-- DATA SHOWN follows --

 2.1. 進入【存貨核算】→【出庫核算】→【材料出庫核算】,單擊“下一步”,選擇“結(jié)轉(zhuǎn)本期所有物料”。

-- DATA SHOWN concluded --
-- DATA SHOWN follows --

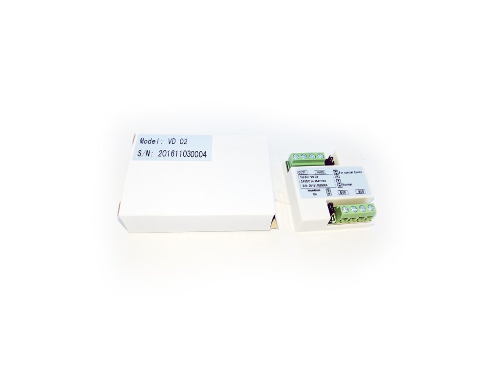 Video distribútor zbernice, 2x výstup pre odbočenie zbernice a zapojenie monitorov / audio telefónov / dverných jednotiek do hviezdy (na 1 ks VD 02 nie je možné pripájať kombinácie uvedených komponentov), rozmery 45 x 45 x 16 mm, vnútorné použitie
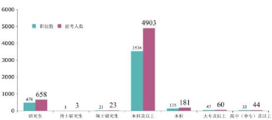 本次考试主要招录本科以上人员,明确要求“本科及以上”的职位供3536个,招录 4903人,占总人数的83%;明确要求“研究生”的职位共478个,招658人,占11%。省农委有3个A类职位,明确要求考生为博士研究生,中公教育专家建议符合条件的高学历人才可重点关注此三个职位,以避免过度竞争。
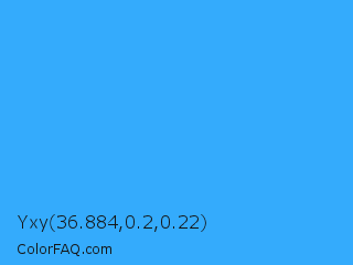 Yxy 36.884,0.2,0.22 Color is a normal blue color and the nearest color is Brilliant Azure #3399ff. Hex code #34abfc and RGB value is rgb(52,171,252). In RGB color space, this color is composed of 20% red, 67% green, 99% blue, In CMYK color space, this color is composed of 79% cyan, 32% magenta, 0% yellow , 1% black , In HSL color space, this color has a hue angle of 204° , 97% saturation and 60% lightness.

-- DATA SHOWN concluded --
-- DATA SHOWN follows --

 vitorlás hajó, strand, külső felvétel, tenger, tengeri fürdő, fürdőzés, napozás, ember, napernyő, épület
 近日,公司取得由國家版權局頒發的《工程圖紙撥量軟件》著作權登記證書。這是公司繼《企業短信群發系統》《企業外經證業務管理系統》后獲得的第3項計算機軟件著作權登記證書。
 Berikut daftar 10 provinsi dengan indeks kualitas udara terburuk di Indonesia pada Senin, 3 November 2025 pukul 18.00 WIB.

-- DATA SHOWN concluded --

▸ EXERCISE: Your copy should hold only the lines above from the one containing "Video distribútor zbernice, 2x" through the one containing "Yxy 36.884,0.2,0.22 Color", exactly as written and free of pictures.

▸ ANSWER SPACE:
 Video distribútor zbernice, 2x výstup pre odbočenie zbernice a zapojenie monitorov / audio telefónov / dverných jednotiek do hviezdy (na 1 ks VD 02 nie je možné pripájať kombinácie uvedených komponentov), rozmery 45 x 45 x 16 mm, vnútorné použitie
 本次考试主要招录本科以上人员,明确要求“本科及以上”的职位供3536个,招录 4903人,占总人数的83%;明确要求“研究生”的职位共478个,招658人,占11%。省农委有3个A类职位,明确要求考生为博士研究生,中公教育专家建议符合条件的高学历人才可重点关注此三个职位,以避免过度竞争。
 Yxy 36.884,0.2,0.22 Color is a normal blue color and the nearest color is Brilliant Azure #3399ff. Hex code #34abfc and RGB value is rgb(52,171,252). In RGB color space, this color is composed of 20% red, 67% green, 99% blue, In CMYK color space, this color is composed of 79% cyan, 32% magenta, 0% yellow , 1% black , In HSL color space, this color has a hue angle of 204° , 97% saturation and 60% lightness.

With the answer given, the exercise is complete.